** EXERCISE GOAL **
Images are to be dropped, and the rest of the data reproduced exactly.

** DATA SHOWN **
•••••
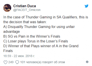 Победители сетки виннеров квалификаций на TI8 южноамериканского региона Thunder Predator попрощались с возможностью попасть на главный турнир года. Причиной тому стал бан команды за использование макросов.
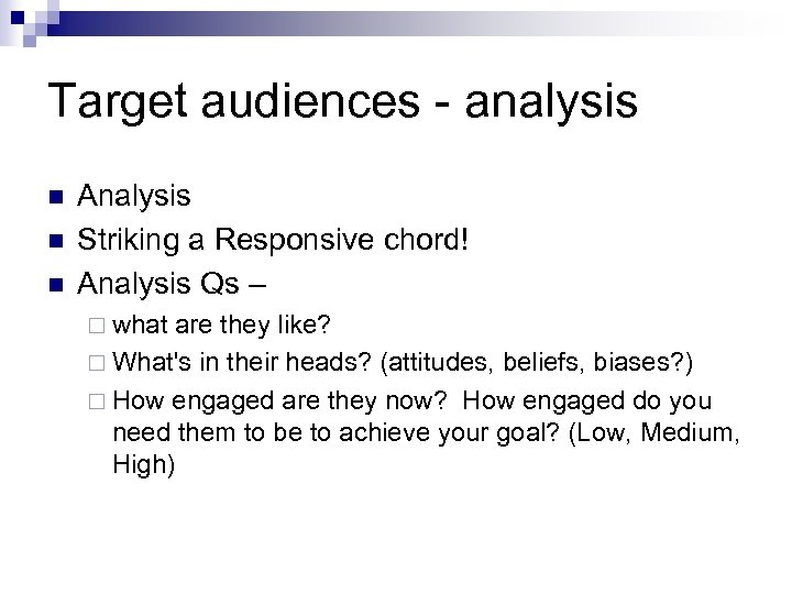 Target audiences - analysis n n n Analysis Striking a Responsive chord! Analysis Qs – ¨ what are they like? ¨ What's in their heads? (attitudes, beliefs, biases? ) ¨ How engaged are they now? How engaged do you need them to be to achieve your goal? (Low, Medium, High)
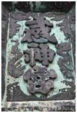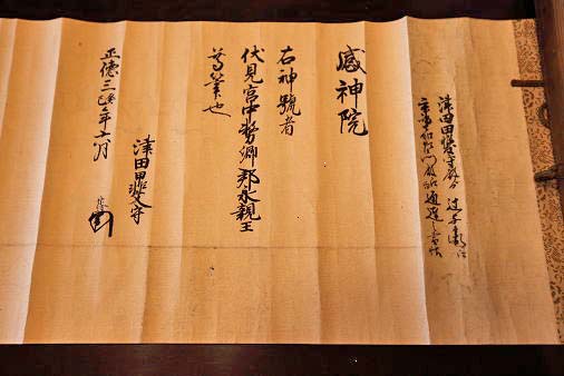 この額字は昔(明治時代前)は「感神院」とありました。この神社のご神号として、正徳3年(1718年)、伏見宮邦永親王(1676~1726)のご尊筆による「感神院」を賜ったことが氏子中の旧家に保存されている古文書に記されています(上の写真)。額の細工は、大坂金田町(現在の大阪市中央区博労町あたり)の「錺屋 五左衛門」によるとの銘があります。
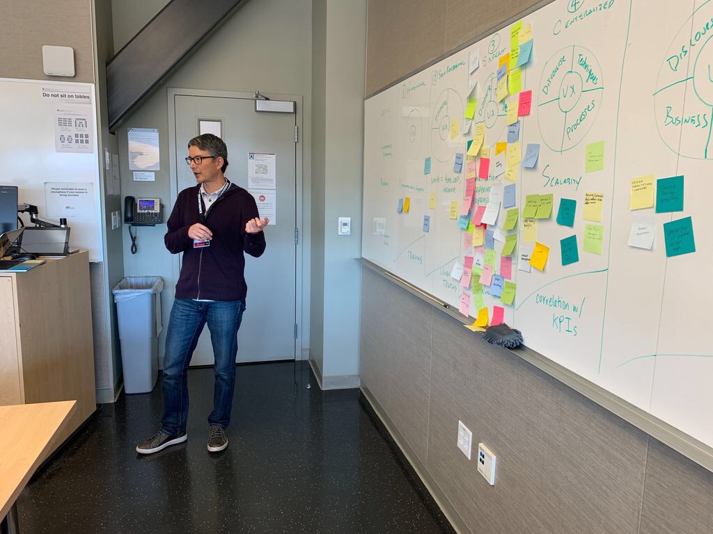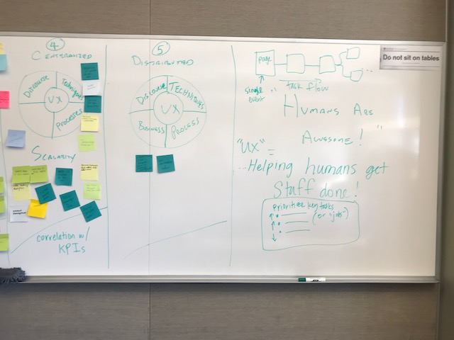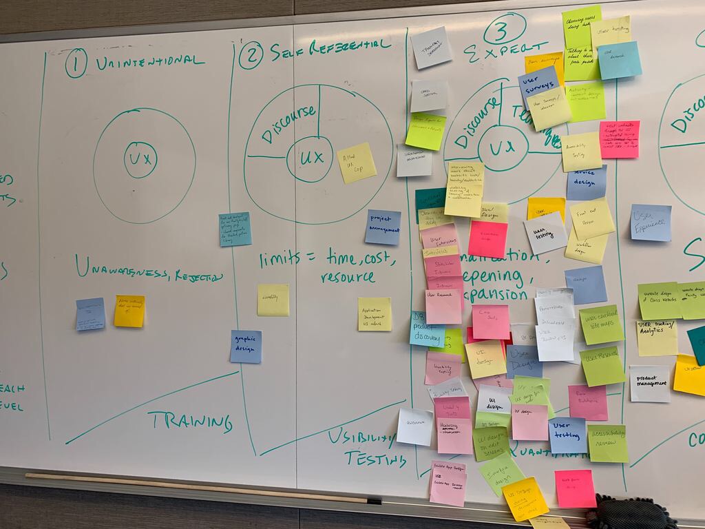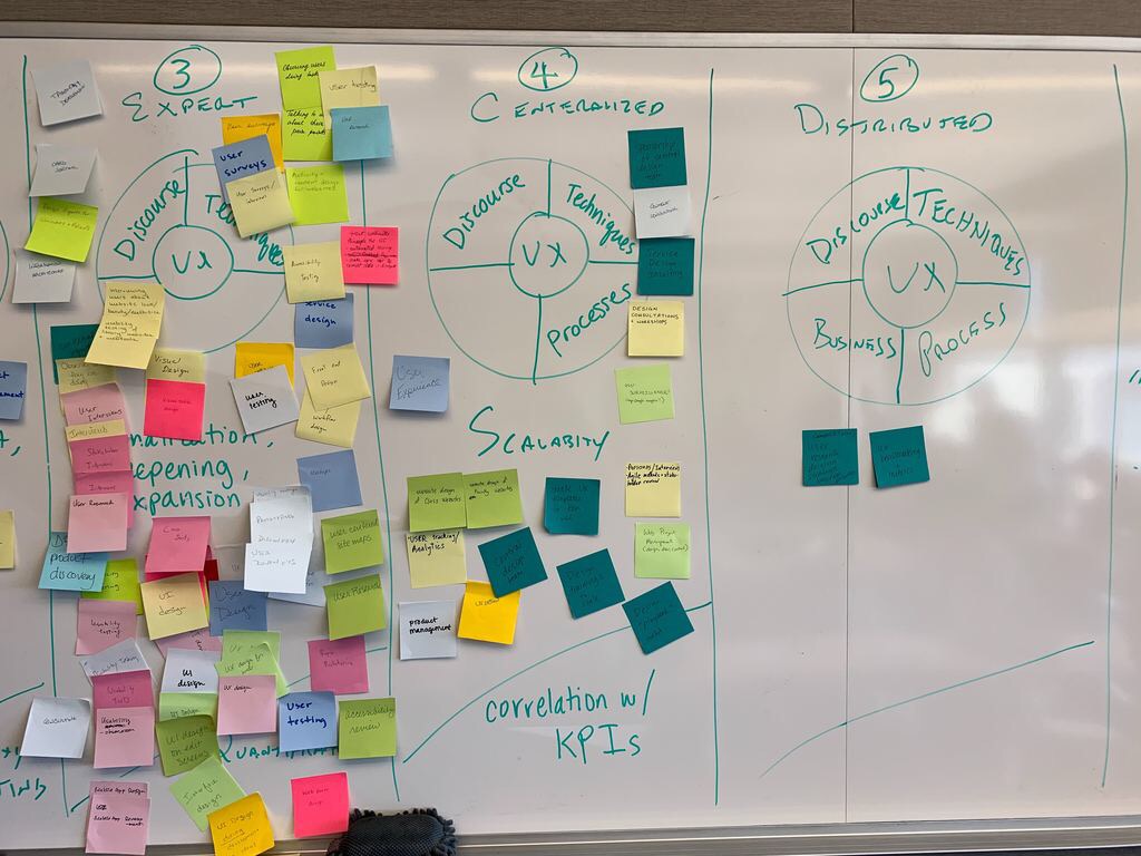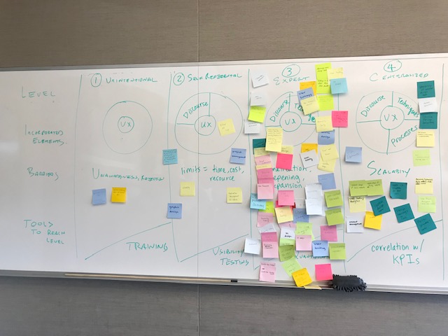 A way to move forward as a UX team - UX maturation path (levels: unintentional (formal and informal training), self referential (usability testing), expert (quantitative), centralized (correlation w/KPIs, distributed). Majority of UX work represented in the room fall into Expert level right now. We need to embed UX process into projects throughout organization even though we don't work on those projects. Data driven UX research will potentially influence the leadership decisions. We had a long discussion about usability testing and tools. Do incremental testing and fix things before you move on.
•••••
** ANSWER BOX **
 Победители сетки виннеров квалификаций на TI8 южноамериканского региона Thunder Predator попрощались с возможностью попасть на главный турнир года. Причиной тому стал бан команды за использование макросов.
 Target audiences - analysis n n n Analysis Striking a Responsive chord! Analysis Qs – ¨ what are they like? ¨ What's in their heads? (attitudes, beliefs, biases? ) ¨ How engaged are they now? How engaged do you need them to be to achieve your goal? (Low, Medium, High)
 この額字は昔(明治時代前)は「感神院」とありました。この神社のご神号として、正徳3年(1718年)、伏見宮邦永親王(1676~1726)のご尊筆による「感神院」を賜ったことが氏子中の旧家に保存されている古文書に記されています(上の写真)。額の細工は、大坂金田町(現在の大阪市中央区博労町あたり)の「錺屋 五左衛門」によるとの銘があります。
 A way to move forward as a UX team - UX maturation path (levels: unintentional (formal and informal training), self referential (usability testing), expert (quantitative), centralized (correlation w/KPIs, distributed). Majority of UX work represented in the room fall into Expert level right now. We need to embed UX process into projects throughout organization even though we don't work on those projects. Data driven UX research will potentially influence the leadership decisions. We had a long discussion about usability testing and tools. Do incremental testing and fix things before you move on.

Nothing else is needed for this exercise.